Union-Find (Disjoint Set Union)
Union-Find tracks which elements belong to the same set (connected component) and supports union (merge two sets) and find (which set does an element belong to) operations.
Union-Find = friend groups at a party. 'Find' asks 'who's your group leader?' 'Union' merges two groups under one leader. Path compression = everyone just memorizes the big boss directly, skipping the chain of command.
Basic implementation: parent array where parent[i] = i means i is the root. Find: follow parent pointers to root. Union: set one root's parent to the other. With path compression (find sets parent to root directly) and union by rank (always attach shorter tree under taller), both operations are nearly O(1) amortized — technically O(α(n)) where α is the inverse Ackermann function, effectively constant for all practical n.

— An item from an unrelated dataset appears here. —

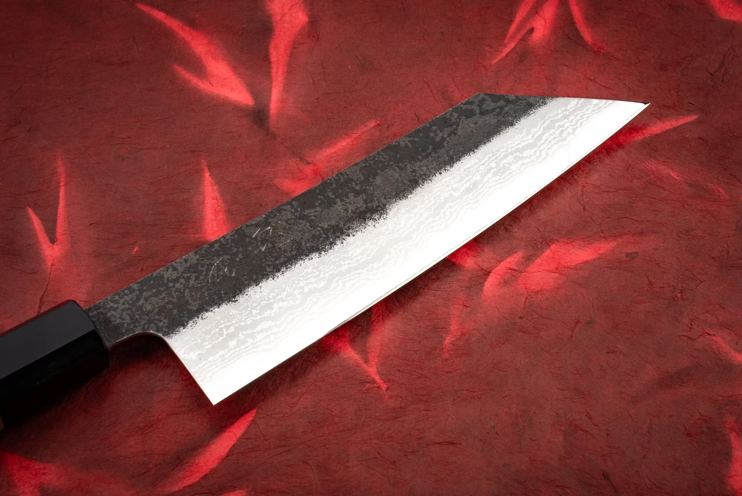 About Hatsukokoro Inazuma AS – The Hatsukokoro Inazuma (translates as “lightning”) AS is a hand-forged masterpiece, made by a talented Blacksmith in Tsubame Sanjo who prefers to remain anonymous. This knife has an Aogami Super core, with softer iron cladding. This combination of steel allows for the blacksmith to create a beautiful finish of folded steel and kurouchi – honestly feels like it should be too much, but here it is just right.

Path compression halves the tree height on each find. Union by rank (or size) prevents tall trees. Together they achieve amortized O(α(n)) per operation. Union-Find supports cycle detection in undirected graphs: if union(u, v) finds find(u) == find(v), adding edge u-v creates a cycle. Weighted Union-Find stores edge weights for relative distance problems (e.g., bipartite check with parity). Offline connectivity algorithms (e.g., Kruskal's MST) use Union-Find as their core data structure.
Union-Find is my default for dynamic connectivity problems: 'are these two nodes in the same group?', 'how many connected components after each union?', 'detect cycle in undirected graph'. I always implement with path compression and union by rank/size — the code is short and nearly O(1) per operation. For number of connected components, I maintain a count variable that decrements each time a successful union (of different components) occurs.
Union-Find works for UNDIRECTED connectivity. For directed graphs, use DFS/BFS or Tarjan's SCC algorithm. Also: path compression mutates the parent array during find — this is fine for connectivity queries but breaks weighted Union-Find if you forget to accumulate weights during compression.